GIVEN RECORDS >>

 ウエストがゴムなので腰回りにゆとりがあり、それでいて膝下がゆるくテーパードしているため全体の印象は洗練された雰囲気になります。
==
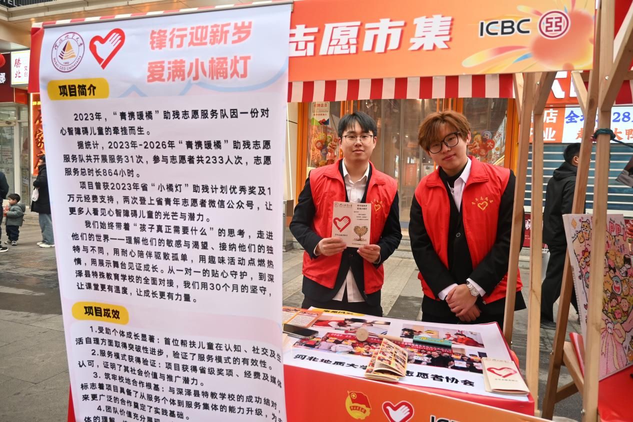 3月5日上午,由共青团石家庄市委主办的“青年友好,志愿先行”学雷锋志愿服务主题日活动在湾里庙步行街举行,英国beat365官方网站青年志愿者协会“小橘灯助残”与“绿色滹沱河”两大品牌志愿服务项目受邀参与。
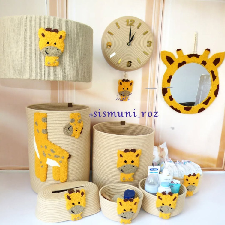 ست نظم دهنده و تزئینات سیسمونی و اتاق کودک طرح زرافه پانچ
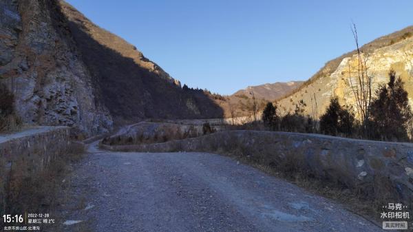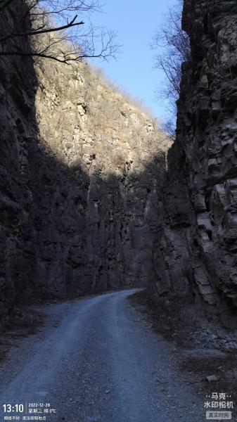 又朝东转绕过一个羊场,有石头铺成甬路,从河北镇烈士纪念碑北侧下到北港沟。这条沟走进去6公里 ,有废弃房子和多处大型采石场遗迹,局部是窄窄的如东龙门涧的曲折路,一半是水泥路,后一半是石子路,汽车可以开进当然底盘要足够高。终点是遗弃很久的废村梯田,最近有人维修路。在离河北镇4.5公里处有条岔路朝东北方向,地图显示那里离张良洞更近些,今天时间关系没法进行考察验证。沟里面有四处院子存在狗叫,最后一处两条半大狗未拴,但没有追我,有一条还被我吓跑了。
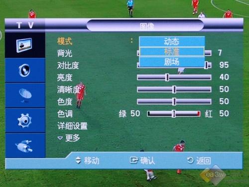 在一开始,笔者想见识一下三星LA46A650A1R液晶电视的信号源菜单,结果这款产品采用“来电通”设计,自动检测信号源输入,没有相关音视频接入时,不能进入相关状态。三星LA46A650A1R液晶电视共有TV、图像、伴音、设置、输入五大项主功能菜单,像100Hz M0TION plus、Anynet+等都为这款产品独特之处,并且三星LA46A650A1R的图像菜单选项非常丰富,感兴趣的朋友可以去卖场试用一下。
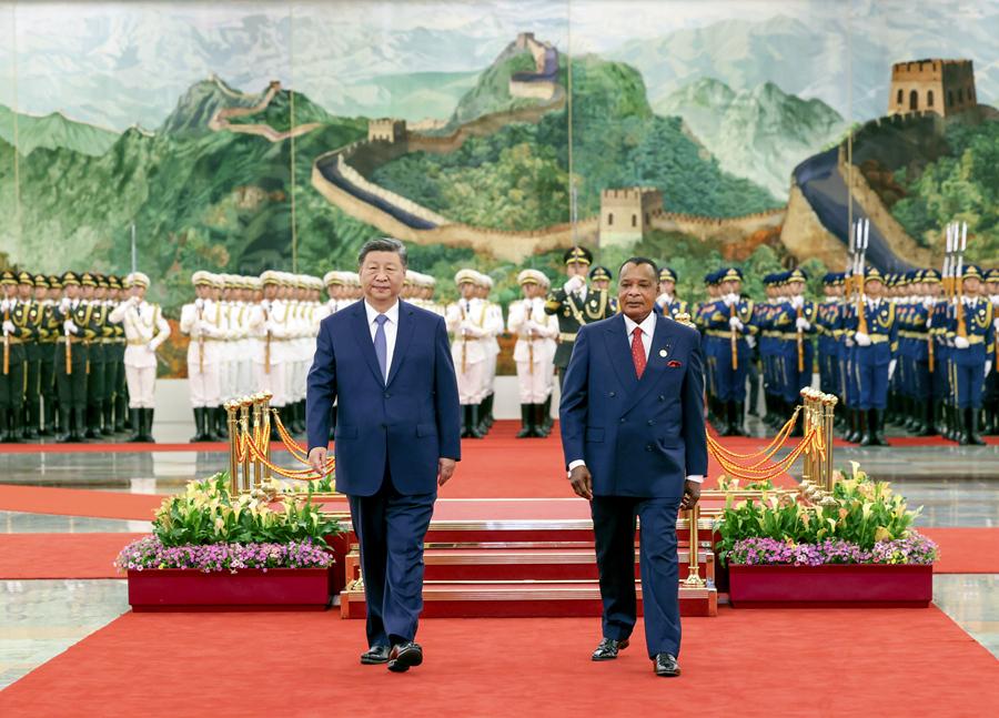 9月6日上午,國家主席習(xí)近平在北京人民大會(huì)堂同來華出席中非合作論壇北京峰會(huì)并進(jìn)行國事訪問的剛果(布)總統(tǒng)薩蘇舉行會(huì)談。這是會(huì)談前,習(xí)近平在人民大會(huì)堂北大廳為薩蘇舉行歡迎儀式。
* * *
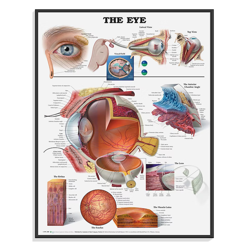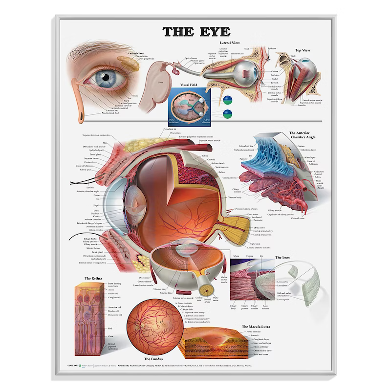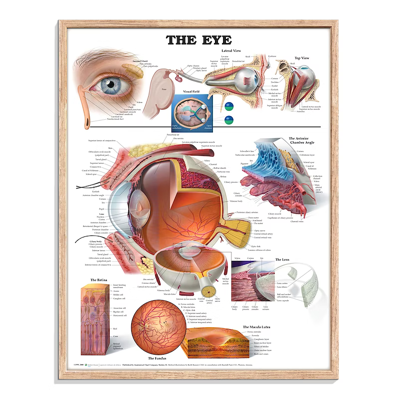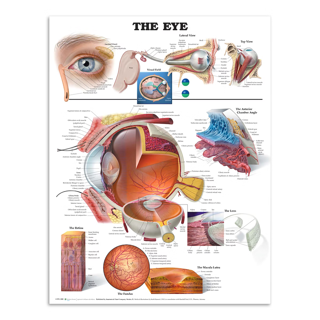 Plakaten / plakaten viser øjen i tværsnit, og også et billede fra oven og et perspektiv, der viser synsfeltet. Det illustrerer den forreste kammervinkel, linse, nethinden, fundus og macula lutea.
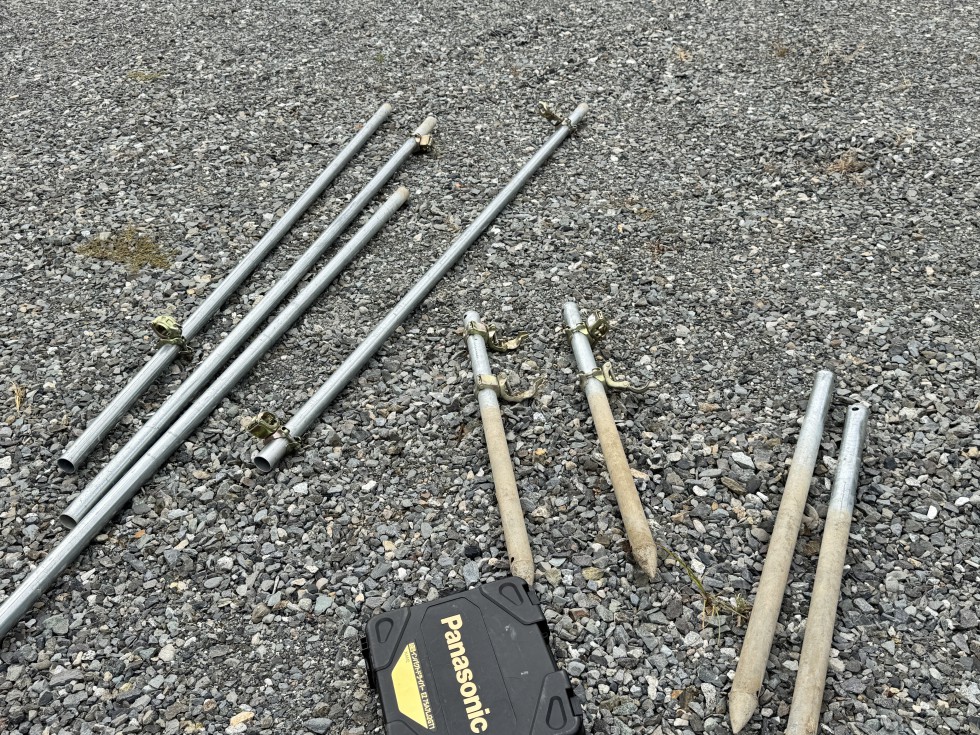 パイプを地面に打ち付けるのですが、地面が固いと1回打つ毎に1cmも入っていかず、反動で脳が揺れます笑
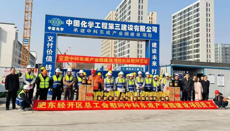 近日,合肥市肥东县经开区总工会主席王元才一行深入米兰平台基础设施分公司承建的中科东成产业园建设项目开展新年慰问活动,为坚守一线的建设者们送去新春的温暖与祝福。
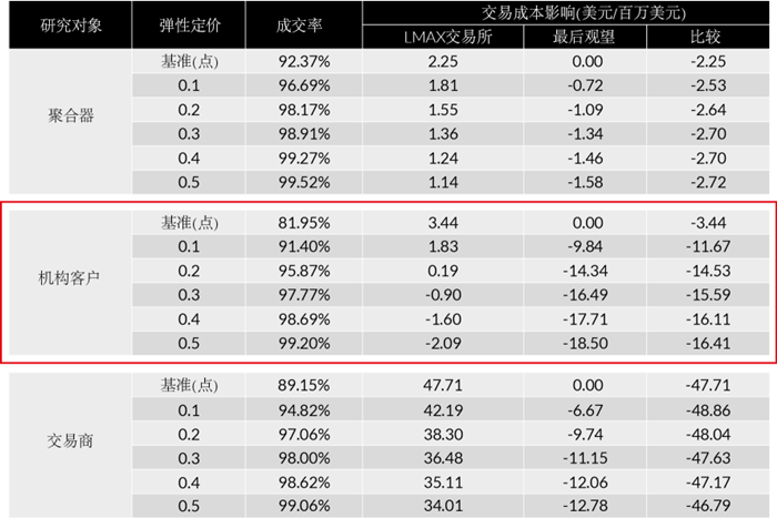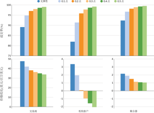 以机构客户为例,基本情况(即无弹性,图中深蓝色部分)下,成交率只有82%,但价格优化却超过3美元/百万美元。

AIM OF THE TASK >>
Restate word for word every line from the one with "パイプを地面に打ち付けるので" up to and including the one with "以机构客户为例,基本情况(即" in the records above, minus the pictures.

EXPECTED ANSWER >>
 パイプを地面に打ち付けるのですが、地面が固いと1回打つ毎に1cmも入っていかず、反動で脳が揺れます笑
 近日,合肥市肥东县经开区总工会主席王元才一行深入米兰平台基础设施分公司承建的中科东成产业园建设项目开展新年慰问活动,为坚守一线的建设者们送去新春的温暖与祝福。
 以机构客户为例,基本情况(即无弹性,图中深蓝色部分)下,成交率只有82%,但价格优化却超过3美元/百万美元。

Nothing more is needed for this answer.